BEGIN Provided data

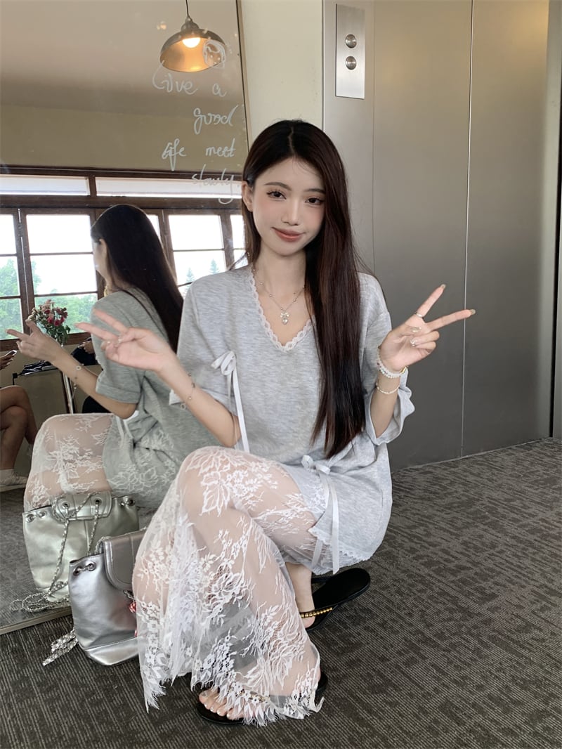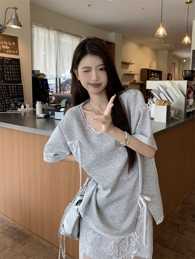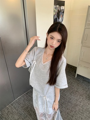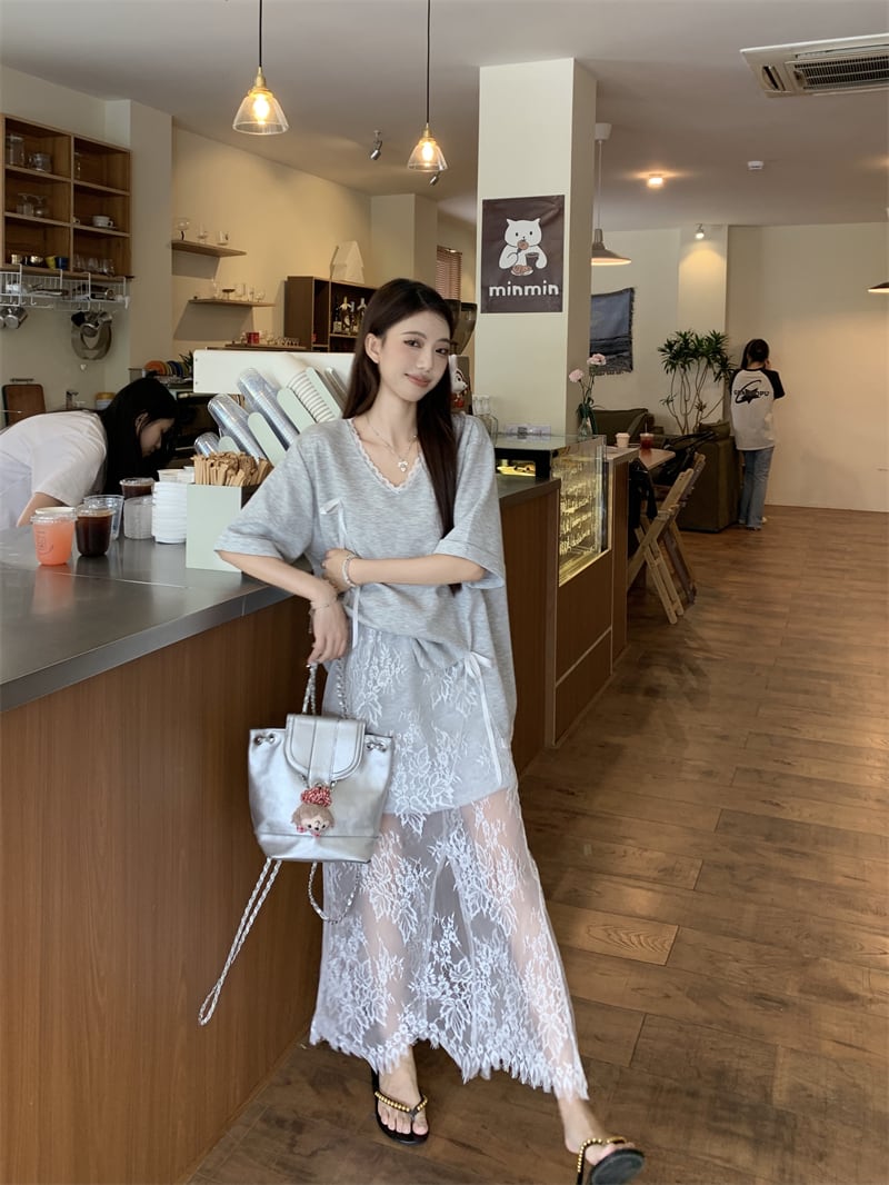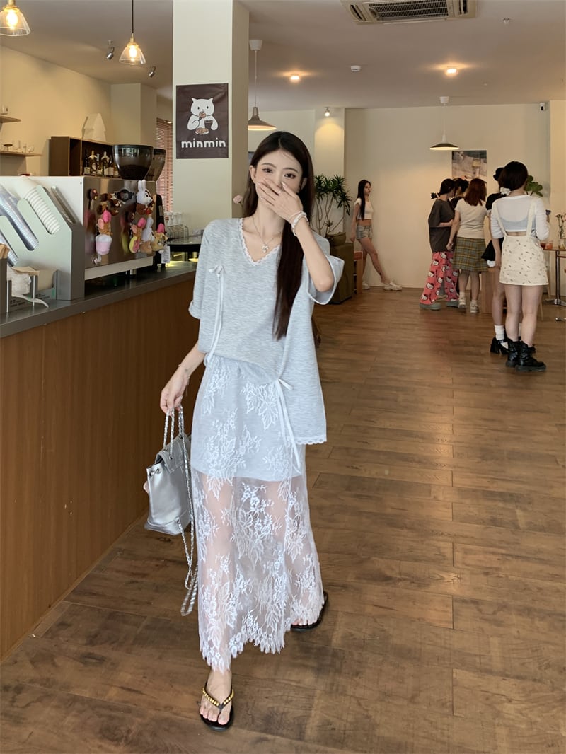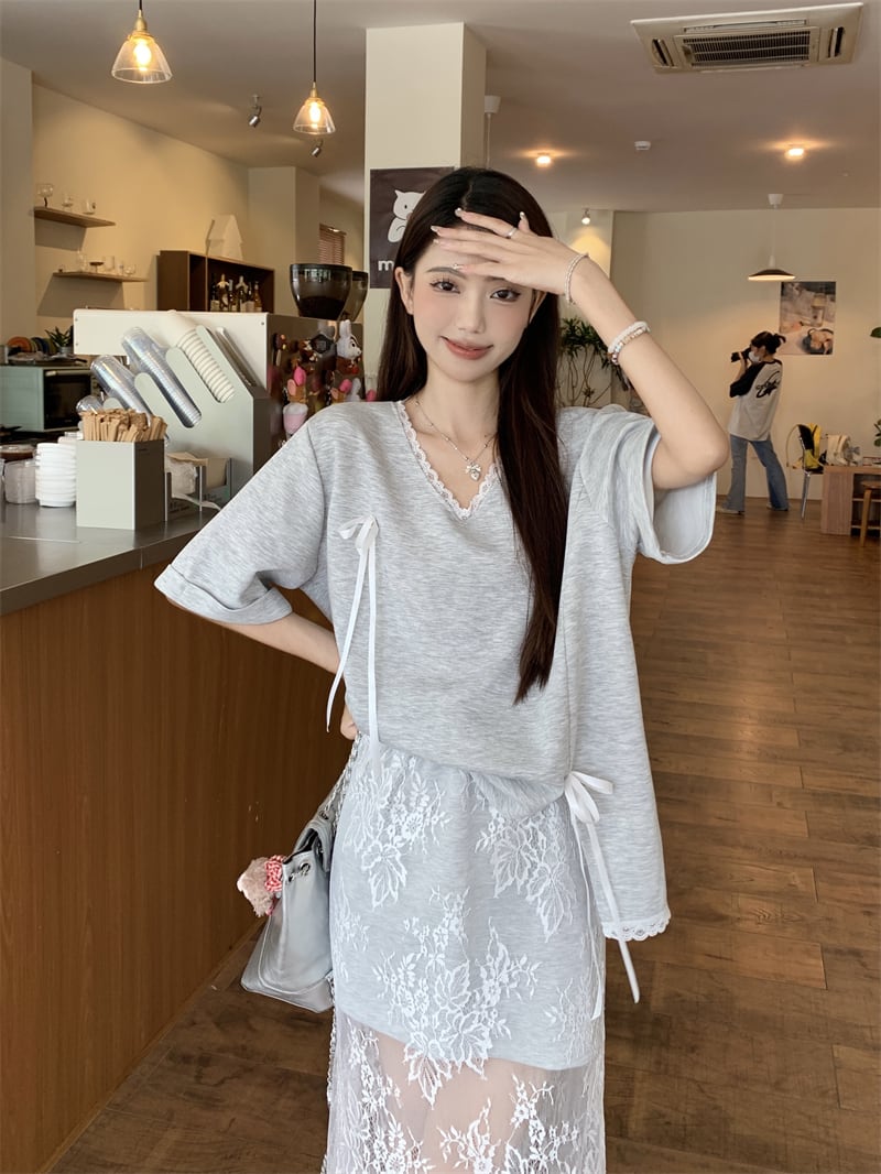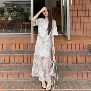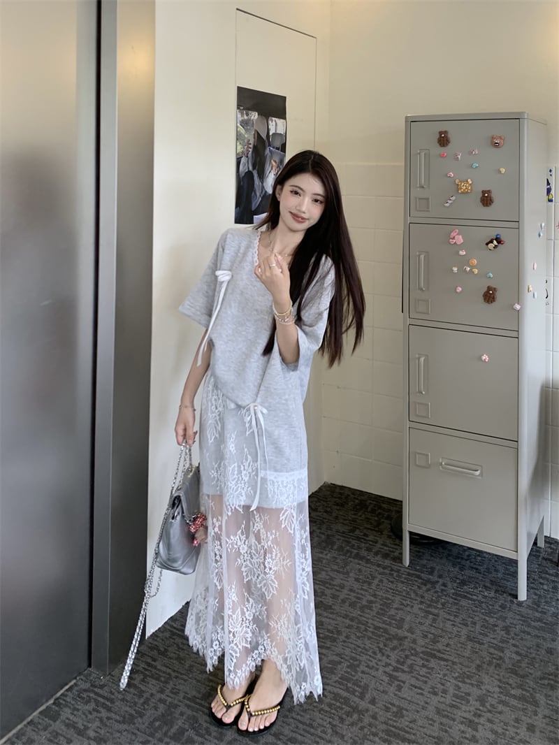 【set】Tシャツ×レーススカートセット M22978
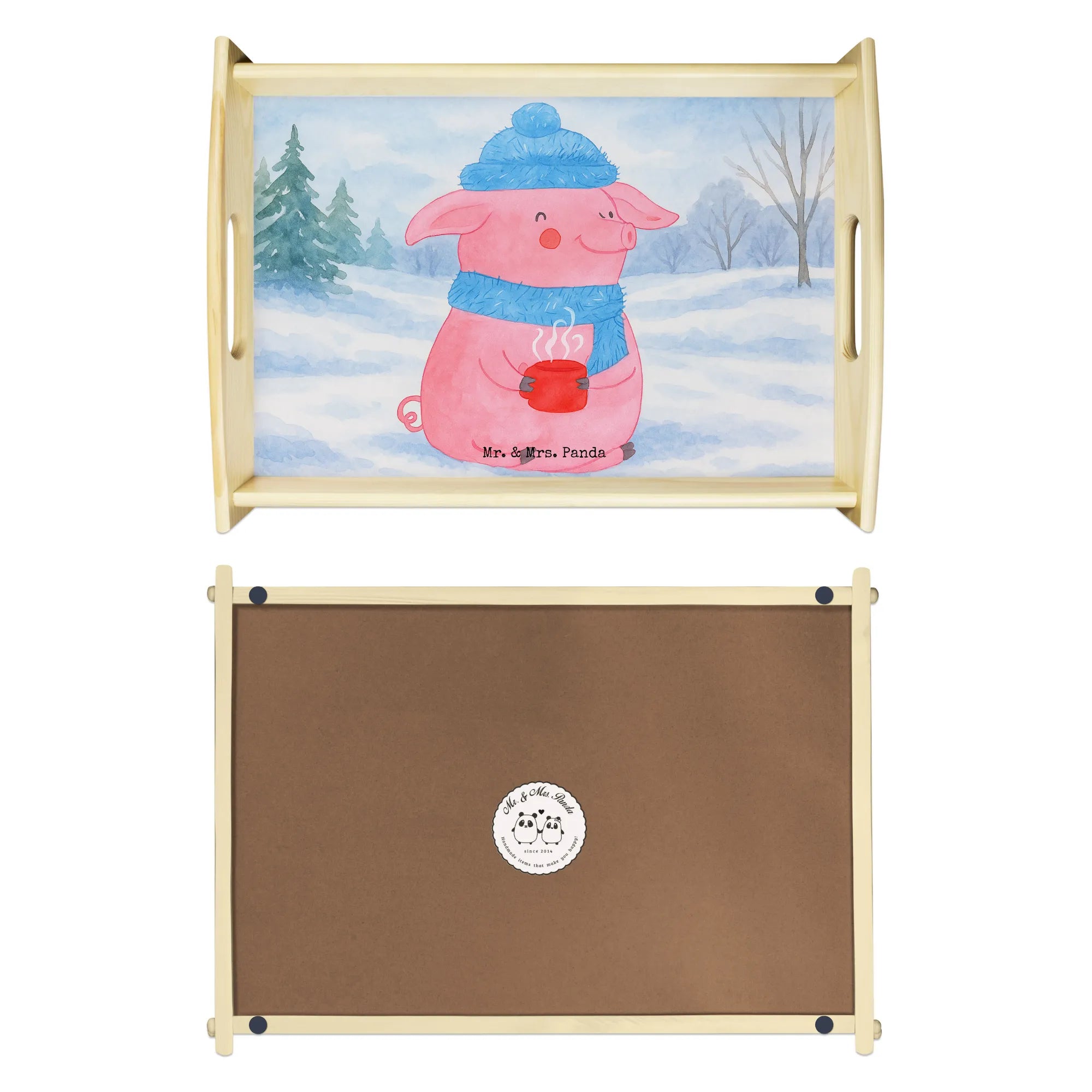 Das einzigartige Serviertablett von Mr. & Mrs. Panda wird dein Frühstücksbuffet zum Erlebnis machen! Mit seinen großzügigen Maßen von 480 mm x 480 mm x 65 mm und einem Gewicht von 925 g ist es die perfekte Kombination aus Funktionalität und Stil. Aus hochwertigem, lasiertem Echtholz gefertigt, verzückt das Tablett mit einem strahlenden Druck, der für gute Laune sorgt. Ob im Bett oder auf dem Sofa, die seitlichen Griffmulden garantieren ein angenehmes Handling. Die spezielle Anti-Rutsch Beschichtung sorgt dafür, dass alles sicher an seinem Platz bleibt. Dank der kratzfesten Oberfläche ist das Tablett sehr pflegeleicht – einfach mit einem feuchten Tuch und etwas Spülmittel abwischen. Bitte nicht einweichen! Denke daran, dass die Anfertigung wegen der hohen Qualität etwas Zeit in Anspruch nimmt.
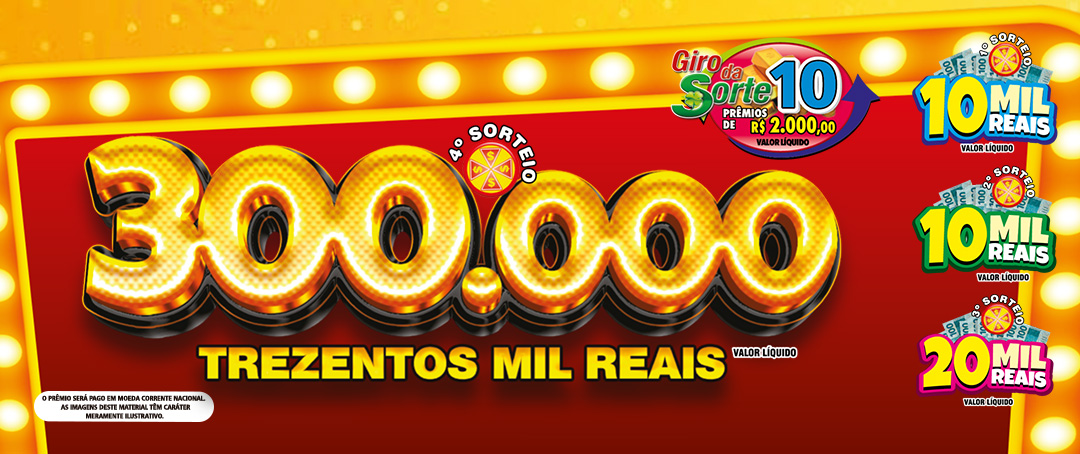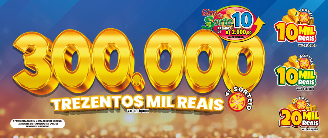 10 PRÊMIOS DE R$ 2.000,00 (cada) - Valor líquido
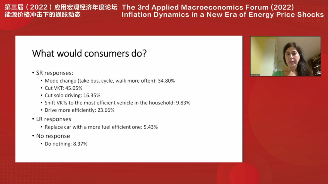 马里兰大学教授Anna Alberini作题目为“First the Pandemic, and then What? Volatile Energy Markets, Consumers and Energy Price Expectations”的报告。该研究在近期对捷克、德国、意大利和波兰四个国家的消费者进行了一项能源价格预期调查,结果显示消费者愿意并且有能力对1个月、6个月、12个月和60个月后的汽油价格增长率做出点预测。受访者普遍预计未来能源价格将有大幅上升,但是预期存在较高的不确定性,并且呈现长右尾分布。消费者在能源上涨预期下做出的行为调整以短期调整为主,如更多地使用公共交通工具,少数消费者做出长期调整,如以电动车替换燃油车。

END Provided data

What to work on: Pictures are not part of the answer, which must be the exact lines from the one holding "10 PRÊMIOS DE" through the end of the material, both ends included.

Exercise solution:
 10 PRÊMIOS DE R$ 2.000,00 (cada) - Valor líquido
 马里兰大学教授Anna Alberini作题目为“First the Pandemic, and then What? Volatile Energy Markets, Consumers and Energy Price Expectations”的报告。该研究在近期对捷克、德国、意大利和波兰四个国家的消费者进行了一项能源价格预期调查,结果显示消费者愿意并且有能力对1个月、6个月、12个月和60个月后的汽油价格增长率做出点预测。受访者普遍预计未来能源价格将有大幅上升,但是预期存在较高的不确定性,并且呈现长右尾分布。消费者在能源上涨预期下做出的行为调整以短期调整为主,如更多地使用公共交通工具,少数消费者做出长期调整,如以电动车替换燃油车。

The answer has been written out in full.